FIG. 1(a) is a perspective view showing an embodiment of the molding process according to the method for producing an E-shaped core of the present invention, and FIG. 1(b) is an L-shaped molded member formed by the molding process according to the same embodiment. FIG. 1(c) is a perspective view showing an example of the cutting process related to the same example, and FIG. 1(d) is a perspective view showing a U-shaped core formed by the manufacturing method related to the same example. FIG. 2 (al is a front view showing a U-shaped core manufactured by the manufacturing method according to the same example, and FIG. 2<b) is a U-shaped core manufactured by the manufacturing method according to the same example. FIG. 3 is a plan view showing a choke coil constituted by a U-shaped core according to the same embodiment, and FIG. 4(a) is a cutting diagram of another manufacturing method according to the present invention. FIG. 4(b) is a perspective view showing a processing example; FIG. 4(b) is a plan view illustrating a state in which U-shaped cores according to the same example are combined; FIG. 5(a) is another manufacturing method according to the present invention. FIG. 5(b) is a plan view illustrating a state in which U-shaped cores according to the same embodiment are combined. FIG. 6(a) is a perspective view showing an example of cutting processing according to the present invention.

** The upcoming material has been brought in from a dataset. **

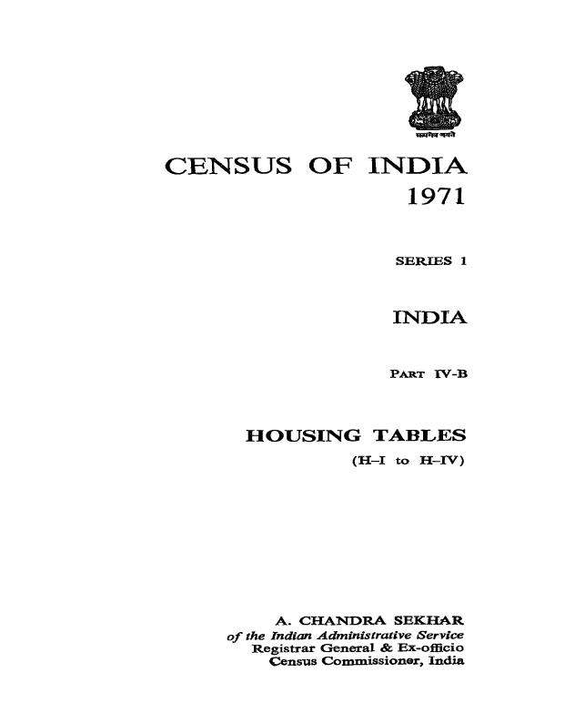 Housing Tables, Series 1, Part IV-B, India - Census 1971

A perspective view showing an example of the cutting process of the method, FIG. 6(b) is a perspective view showing a U-shaped core according to the same example, FIGS. 7 and 8 are perspective views showing a conventional U-shaped core, Fig. 9(a) is an explanatory diagram illustrating a method of manufacturing a U-shaped core using a conventional single-acting type brace, Fig. 9(b) is a cross-sectional view showing the A-A cross section of the single-acting type press, Fig. 10 (a) is an explanatory diagram illustrating a method of manufacturing a U-shaped core using a conventional double-acting type brace, and FIG. 62 ・ 71 ・ 73 ・ 81 ・ 82 ・ 85 ・ Common column, 63... side column, disk type grinder, grinder device U-shaped core, central magnetic leg, 83 ・ yoke part.・Side magnetic legs,

Claims (2)

[Claims] (1) A central magnetic leg, side magnetic legs arranged parallel to this,
A method for manufacturing a U-shaped core comprising: a yoke portion that connects one end side of the center magnetic leg and one end side of the side magnetic leg; a side column; and a common column to which the one end portion of the side column is connected. and,
By molding a magnetic material into an L-shape having
A method for manufacturing a U-shaped core, characterized in that the U-shaped core is manufactured by forming the central magnetic leg on the common column and using the side columns as the side magnetic legs. (2) A magnetic material is molded into an L-shape having a side pillar and a common pillar to which one end of the side pillar is connected, and a plurality of convex portions are formed on the L-shaped surface of the molded body. A method for manufacturing a U-shaped core, characterized in that the U-shaped core is manufactured by cutting the common column to form a central magnetic leg and using the side columns as side magnetic legs.